Sunday, November 26, 2006

India Calls Off Its 'Peacocks'

Taken from The Telegraph, 24.11.06
By Isambard Wilkinson


India has brought to an end the aggressive "peacock-style" posturing by its guards on its border with Pakistan in a goodwill gesture towards its arch-foe.

Every day before sunset since the British partition of India in 1947, border guards from both sides of the Wagah border crossing performed a testosterone-fuelled "Beating the Retreat" ceremony.



The martial ballet, which takes place on the border's only land transit point on the road between Amritsar in India and the Pakistani city of Lahore, featured guards hand-picked for their height, impressive facial hair and ability to perform a belligerent goose-step.

It was watched by thousands of spectators, who shout patriotic slogans from either side, and even triggered an exchange of gunfire almost a decade ago.

But the Indian Border Security Force has now ordered its guards to refrain from the provocative ritual of glaring, shouting and air-kicking and to restrict themselves to standard drill practice.

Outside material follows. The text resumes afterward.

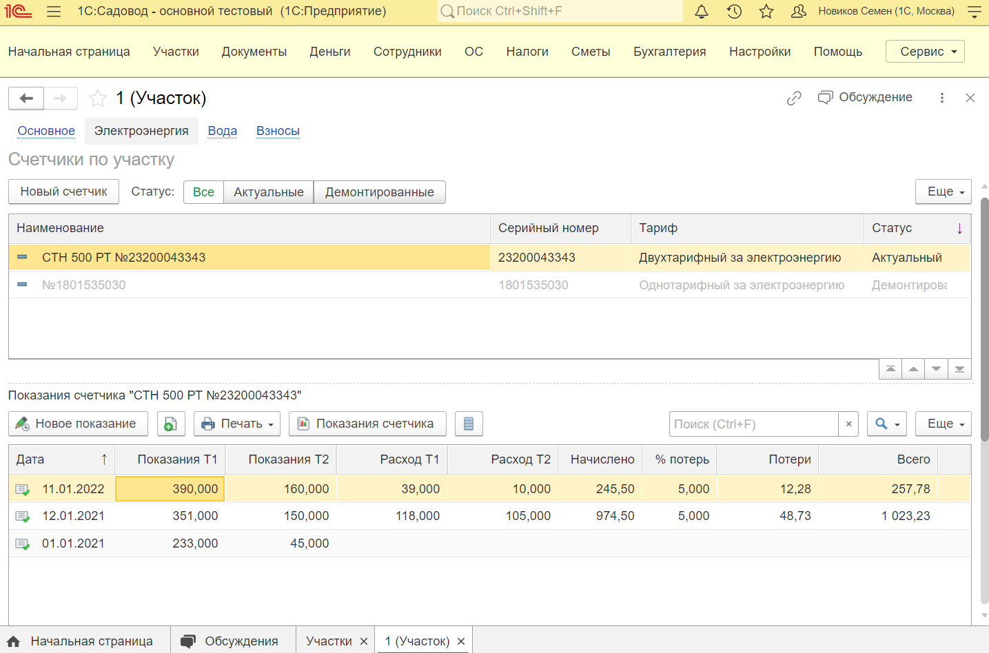 1с садовод электроэнергия

The "soft gesture" ahead of peace talks between Pakistan and India prompted great interest in both countries, which have gone to war three times since Partition. Commentators from both countries called for Pakistan's Rangers border guards to follow suit.

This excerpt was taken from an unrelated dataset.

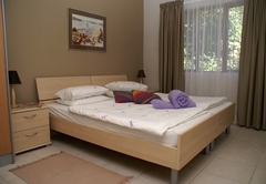 This 60+ square meter apartment is spacious and wonderfully cool in summer. It is an open-plan fully-equipped flat with a private entrance. It has a separate bedroom as well as an additional sleeper couch, a big en-suite bathroom with a shower and laundry facilities, and a full kitchen, all of superior quality. This apartment invites for a longer stay.

Yesterday however, the Pakistan army's spokesman, Maj Gen Shaukat Sultan, flatly rejected any change to their border procedure.

The Indian gesture is the latest in a series of "confidence building measures" that have included cricket matches and the opening of cross-border bus services. They are intended to improve the tense relations between the two nuclear rivals.

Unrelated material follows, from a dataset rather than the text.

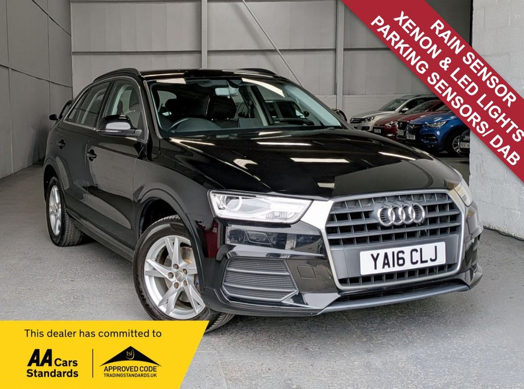 GlamorganInsurance Group 20, 2 Previous Owners, ** Vehicle Reg YA16 CLJ ** This Mythos Black Audi Q3 TDI SE from 2016 offers excellent value with its MOT valid until March 2027 and a recent service in September 2025. This Euro 6 compliant 2.0L diesel model has had only two owners and comes with a three month warranty for your peace of mind. It features Dual Zone Electronic Climate Control, Xenon Plus Headlights with LED Daytime Running Lights, and Rear Parking Sensors to make every journey more comfortable and convenient. The Light and Rain Sensor automatically adjusts your headlights, while the Bluetooth Interface allows for seamless connectivity. This Q3 TDI SE stands out with its impressive fuel economy, achieving an outstanding 63 miles per gallon, which is significantly better than many other vehicles in its class. Furthermore, its low CO2 emissions and low insurance group rating indicate that running costs are kept to a minimum, making it a very economical choice for everyday driving. Contact us now to arrange your test drive viewing, or book your appointment directly on our website 24/7! We are Bhakar Watts Cars; awarded Highly Recommended by Auto Trader! We pride ourselves on quality customer service and a NO pressure sales approach. With over 30 years combined motor trade experience. Our sales ethos is to supply great quality used vehicles at extremely competitive prices. All of our vehicles are price checked within a 100 mile radius before being advertised. All vehicles are sold with a 3 month warranty and 12 Months free AA Breakdown cover ( or upgrade to your existing cover). Please feel free to call/Whats app /email us to arrange an appointment to view/test drive one of our high quality used vehicles. We look forward to seeing you soon! .Mythos Black, 17in Alloy Wheels 7J 5Spoke Y Design, 3Spoke MultiFunction QDesign Steering Wheel, 4Way Electric Lumbar Support for Front Seats, 6.5in Display Screen, 8 Passive Speakers, AMI Audi Music Interface, Aluminium Roof Rails, Aluminium Window Trims, Anti Theft Locking Wheel Bolts, Audi Drive Select, Bluetooth Interface, BodyColoured Door Mirrors Electrically Adjustable and Heated with Integrated LED Indicator Signals, Bright Moulding, Cloth Headlining, Concert Radio, DAB Digital Radio, Door Sill Trims with Aluminium Inlay, Driver Front Passenger Front Side and Head Airbag System, Drivers Information System DIS, DualZone Electronic Climate Control, Dynamic Suspension, ESP Electronic Stability Programme, Efficiency Program in the Drivers Information System DIS, Electric Windows Front and Rear, Electromechanical Parking Brake, Electromechanical Power Steering SpeedSensitive Provides a Precise Steering Feel at High Speeds and Excellent Assistance when Parking., First Aid Kit, Floor Mats Front and Rear in Velour, Front Centre Armrest, Front Passenger Airbag Deactivation Switch, Front Sports Seats, Front and Rear Fog Lights, Full BodyColour Finish on BumpersWheel Arch TrimsLower Door Trims, Heated Windscreen Washer Jets, ISOFIX Child Seat Mounting, Inlays Micrometallic Flex Silver, Light and Rain Sensor, Preparation for SD CardBased Navigation System, Rear Parking Sensors, Remote Central Locking, Reversible Luggage Compartment Floor, Seat Belt Monitoring, Seats Split Folding Rear Backrest, Smoking Package, Space Saver Spare Wheel, Stainless Steel Loading Sill Protector, Steering Wheel Height and Reach Adjustable, Thatcham Category 1 Alarm and Immobiliser, Tool Kit and Car Jack, Towbar Preparation, Tyre Pressure Loss Indicator, Voice Control System, Warning Triangle, Washer Fluid Level Indicator, Windscreen with Sunband, Xenon Plus Headlights with LED Daytime Running Lights

Peace talks were put on hold until last week following the train bombings in July that killed 186 people in India's financial capital Bombay, now renamed Mumbai.

India's Border Security Force said that in changing its drill, India was toning down its "body language". In the nuanced parlance of Indo-Pakistani politics, the lowering of a leg by a few inches carries significance. The Indian guards have agreed to not lift their legs higher than the "horizontal" level.

"Soldiers have been told to refrain from high-rise stomping of feet," said Commander Pradeep Katyal, the chief Indian official at Wagah. "The new gesture speaks of friendship, while the earlier body language bordered on hostility – a display of might."

He said that there had been no let-up in "aggressiveness" shown by the Pakistan Rangers.

An editorial in the influential Pakistani newspaper The News called for an end to the ritual. "It is high time that this surly spectacle ceremony, which is clearly out of place in this day and age and which only plays to the gallery and stirs the wrong kind of emotions among people, was stopped. One hopes that the Pakistani side will follow suit," it said.